DESTRUCTION — Photo taken from a Kyodo News helicopter (above) shows severe damage to a road following a magnitude-7.3 quake in Minamiaso, Kumamoto Prefecture, on April 16, in the wake of a magnitude 6.5 quake that rocked the area on April 14. Kyodo News photo  ==Kyodo

DESTRUCTION — Photo taken from a Kyodo News helicopter (above) shows severe damage to a road following a magnitude-7.3 quake in Minamiaso, Kumamoto Prefecture, on April 16, in the wake of a magnitude 6.5 quake that rocked the area on April 14. Kyodo News photo
==Kyodo

KUMAMOTO, Japan — Hundreds of volunteers arrived in Kumamoto and other prefectures in southwestern Japan on April 22, seeking to help people in some of the areas hardest-hit by the continuing series of earthquakes.

Some 1,000 people reported to Kumamoto city, the first batch of volunteers to be accepted by the prefectural capital, as the health of people stuck in evacuation centers becomes an increasingly serious issue across the region.

More than a week had passed since the initial magnitude-6.5 quake on April 14, which was followed by a M7.3 quake on April 16. While the death toll from the quakes stands at 48, 11 other people are suspected to have died due to health issues triggered by stress and fatigue while evacuating from their homes.

The Self-Defense Forces and police resumed their search for two missing people in the village of Minamiaso on April 15 following the suspension of recovery operations a day earlier due to fears of possible landslides amid heavy rain.

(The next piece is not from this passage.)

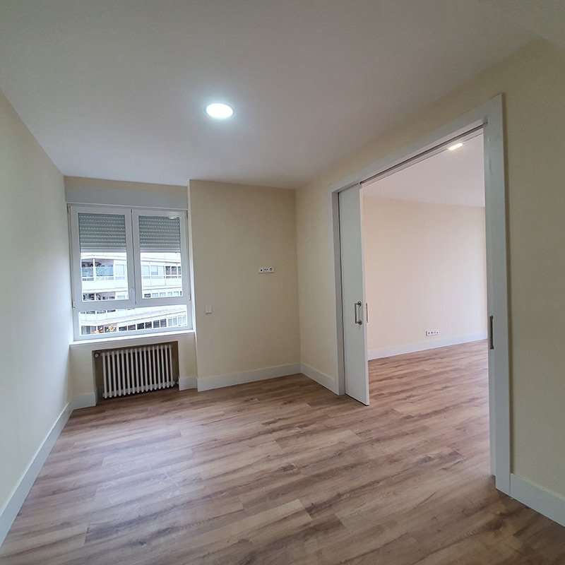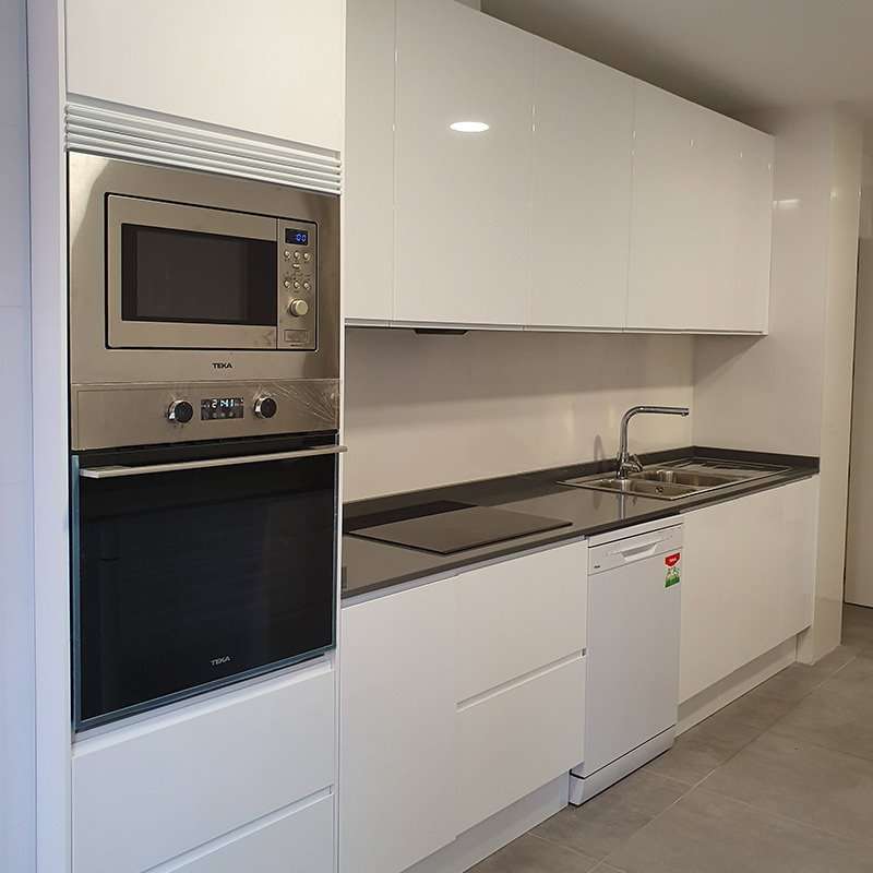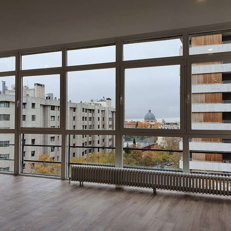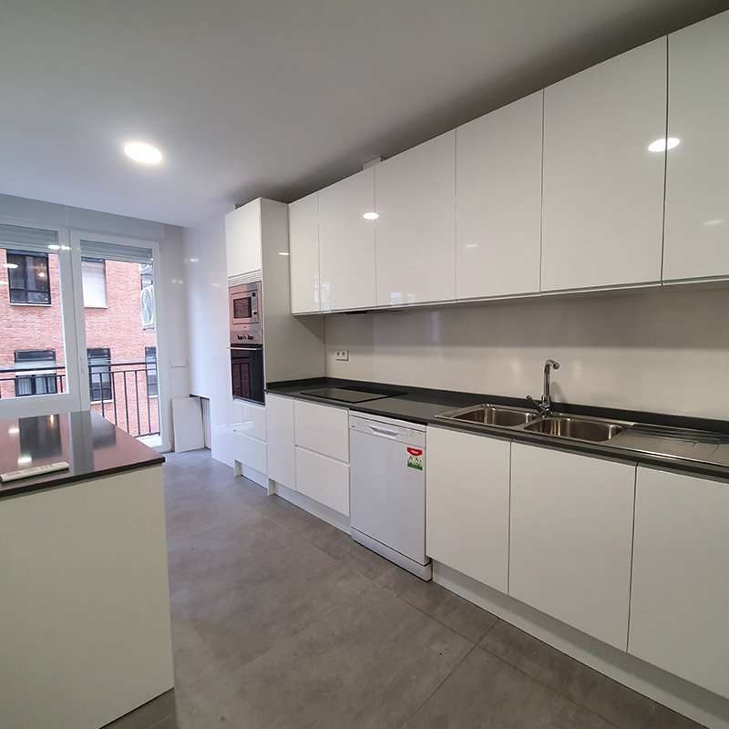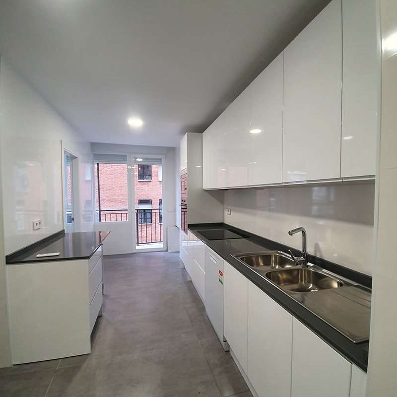 Cambio radical de un despacho de oficinas a una vivienda unifamiliar en el centro de Madrid. Con la reforma se puede ver la amplitud de la vivienda con sus grandes ventanales que dan luminosidad a la estancia. El lacado blanco de los muebles, puertas y armarios dan ese toque elegante y que hace contraste con el color de la encimera.

The volunteers in the city of Kumamoto, where some 50,000 people remain evacuated from their homes, began helping with distribution of food and other supplies at evacuation centers and cleaning up of houses.

The hardest-hit Kumamoto town of Mashiki received about 390 volunteers April 15. As part of international assistance to the quake-hit areas, two South Korean transport planes carrying aid materials such as water, blankets and pre-packaged rice arrived at Kumamoto airport April 15, Chief Cabinet Secretary Yoshihide Suga told reports in Tokyo.

“I would like to thank the South Korean government for this heart-warming assistance,” the top government spokesman said. “This assistance means a lot also in terms of Japan-South Korean relations.”

About 5,000 packs of baby milk will arrive from Finland soon, according to the Japan-Finland parliamentary association.

More than 800 seismic events ranging from minor jolts to strong earthquakes have been detected in the region since the initial quake, according to the Japan Meteorological Agency.

A team of researchers led by Tokyo Denki University professor Susumu Yasuda, who surveyed Kumamoto and Mashiki after the powerful quakes, said they found dozens of cases of ground liquefaction along rivers and at other locations.

In some cases, buildings were left askew or foundations were visible as previously solid, but water-soaked ground, flowed away during the violent shaking.